Assigned task> Repeat the lines below exactly as written, please, from the line with "关注这个议题的性别平等推动者" to the line with "Plaid Round Neck", both lines included, and no others.

Given records>
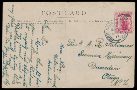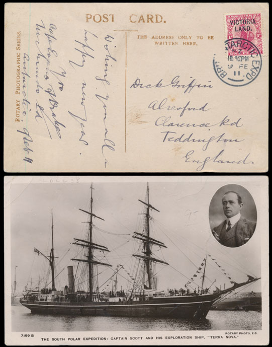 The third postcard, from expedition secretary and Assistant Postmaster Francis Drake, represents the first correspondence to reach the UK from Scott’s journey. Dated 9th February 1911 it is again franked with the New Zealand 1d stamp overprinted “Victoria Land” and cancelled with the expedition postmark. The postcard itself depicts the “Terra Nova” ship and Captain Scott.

* * *

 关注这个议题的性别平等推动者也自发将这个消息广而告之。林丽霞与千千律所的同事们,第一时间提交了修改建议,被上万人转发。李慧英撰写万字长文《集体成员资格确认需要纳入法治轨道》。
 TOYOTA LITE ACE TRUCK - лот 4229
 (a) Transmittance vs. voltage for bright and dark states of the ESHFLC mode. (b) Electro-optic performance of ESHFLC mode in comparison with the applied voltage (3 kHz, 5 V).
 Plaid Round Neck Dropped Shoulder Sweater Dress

Solution to the problem>
 关注这个议题的性别平等推动者也自发将这个消息广而告之。林丽霞与千千律所的同事们,第一时间提交了修改建议,被上万人转发。李慧英撰写万字长文《集体成员资格确认需要纳入法治轨道》。
 TOYOTA LITE ACE TRUCK - лот 4229
 (a) Transmittance vs. voltage for bright and dark states of the ESHFLC mode. (b) Electro-optic performance of ESHFLC mode in comparison with the applied voltage (3 kHz, 5 V).
 Plaid Round Neck Dropped Shoulder Sweater Dress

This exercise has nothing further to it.